In this work, instead of manually selecting special k-points for various crystal systems, a learnable gate $G$ is utilized to filter the $\{{a}_{{{{{{\rm{PW}}}}}}}\}$ automatically. $G$ has the same dimension ${q}^{3}$ with $\{{a}_{{{{{{\rm{PW}}}}}}}\}$ and the value of each dimension ranges from 0 to 1. We tried two different formats of $G$, $g(W\{SG\})$ and $g(W\{{a}_{{{{{{\rm{PW}}}}}}}\})$, where $g$ is the Sigmoid function, $\{SG\}$ denotes the one-hot vector of current space group and $W$ is a learnable matrix. Experiments have proved that the latter is better, which means that the self-adapting gate is better than the space-group based gate. The reason is probably that the value of plane wave $\{{a}_{{{{{{\rm{PW}}}}}}}\}\,$at each k-point already reflects the space information of a given crystal structure. All the results in this paper are based on the format of $G=g(W\{{a}_{{{{{{\rm{PW}}}}}}}\})$.

Because of the rotational invariance of mask function $M$, our model is invariant w.r.t. rotations of the input crystal. The rotational invariance of the $\{{a}_{{{{{{\rm{RBF}}}}}}}\}$ in $M$ is obvious. Figure 2(c) presents a simple example to show why $\{{a}_{{{{{{\rm{PW}}}}}}}\}$ is also rotation invariant. The sampled k-points ${{{{{{\bf{k}}}}}}}_{i}$ and the distance vector between atoms ${{{{{{\bf{r}}}}}}}_{ij}\,$change with the rotation operation, but their dot product will keep the same because the reciprocal space also rotates with the coordinate space.

**Fig. 2: Several features of the attention mask function M.**

As shown in Fig. 3, our model contains three main blocks: embedding, gated convolution, and output blocks. The embedding block generates an initial one-hot vector of each atom according to the atomic number and passes the initialized vector to the first gated convolution block. The gated convolution block updates the node embedding via gated graph convolution among the neighbors of each node and passes each layer’s node embedding to the output block. The output block aggregates on each crystal graph’s node features to generate each layer vector, and then passes them into the multilayer perceptron to get the final target.

Model evaluation

Different datasets cause different performances of machine learning.
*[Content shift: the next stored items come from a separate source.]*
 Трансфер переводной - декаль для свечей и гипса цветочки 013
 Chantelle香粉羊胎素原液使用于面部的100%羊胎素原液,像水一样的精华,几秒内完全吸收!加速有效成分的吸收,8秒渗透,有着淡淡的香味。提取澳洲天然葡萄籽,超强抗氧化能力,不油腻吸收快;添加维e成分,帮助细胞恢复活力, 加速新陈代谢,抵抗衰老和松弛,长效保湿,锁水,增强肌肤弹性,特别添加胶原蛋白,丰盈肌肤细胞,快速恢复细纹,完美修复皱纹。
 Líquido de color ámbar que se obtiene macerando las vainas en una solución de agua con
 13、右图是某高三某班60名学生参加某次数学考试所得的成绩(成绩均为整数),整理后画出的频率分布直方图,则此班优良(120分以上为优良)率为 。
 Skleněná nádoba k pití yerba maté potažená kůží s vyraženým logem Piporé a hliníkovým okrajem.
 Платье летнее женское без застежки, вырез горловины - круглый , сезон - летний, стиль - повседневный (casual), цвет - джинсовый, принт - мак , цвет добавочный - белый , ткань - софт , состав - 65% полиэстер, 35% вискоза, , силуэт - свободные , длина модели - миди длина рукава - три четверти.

However, many of previous works ignore this point when evaluating their models. To evaluate our model sufficiently, we compared our model against three other models with the same datasets (training set, validation set, and testing set) which comprised by different amounts of data in Material Project (MP)² and Open Quantum Material Database (OQMD)¹. MP and OQMD contain over 130K and 560K computational crystal structures, respectively. The targets we choose are formation energy per atom $({E}_{{{{{{\rm{f}}}}}}})$, band gap $({E}_{{{{{{\rm{g}}}}}}})$ and two elastic metrics: bulk modulus ${K}_{{{{{{\rm{VRH}}}}}}}$ and shear modulus ${G}_{{{{{{\rm{VRH}}}}}}}$. Note that there are a few data mismatches with CGCNN because of database updating of MP. In addition, we trained our model on the largest datasets we can find (over 560K of OQMD) to get the best performance we can get now.
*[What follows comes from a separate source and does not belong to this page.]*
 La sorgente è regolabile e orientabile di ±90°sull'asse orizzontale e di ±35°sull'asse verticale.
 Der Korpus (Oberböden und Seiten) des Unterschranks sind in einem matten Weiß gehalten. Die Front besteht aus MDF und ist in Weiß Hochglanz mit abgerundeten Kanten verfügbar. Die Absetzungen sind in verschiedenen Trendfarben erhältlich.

Figure 4 shows that our model performs well over the entire range of ${E}_{{{{{{\rm{f}}}}}}}$ and ${E}_{{{{{{\rm{g}}}}}}}$. The MAE of ${E}_{{{{{{\rm{f}}}}}}}$ and ${E}_{{{{{{\rm{g}}}}}}}$ of DFT calculations against experimental measurements are 0.81–0.136 eV/atom and 0.6 eV, respectively^1,39. Also, Table 1 summarizes the MAE of four models (CGCNN¹⁹, MEGNet²⁴, iCGCNN²² and this work) on different datasets. In comparison, our model can achieve much better performance. For example, for ${E}_{{{{{{\rm{f}}}}}}}$, our model outperforms CGCNN, MEGNet, and iCGCNN by 25.6%, 14.3% and 35.7% respectively. For ${E}_{{{{{{\rm{g}}}}}}}$, our model outperforms CGCNN and MEGNet by 27.6% and 12.4% respectively. For elastic metrics K_VRH and ${G}_{{{{{{\rm{VRH}}}}}}}$, our model reaches the same-level error of the MEGNet model. The good performance on diverse datasets shows that our model has both high precision and good generalization.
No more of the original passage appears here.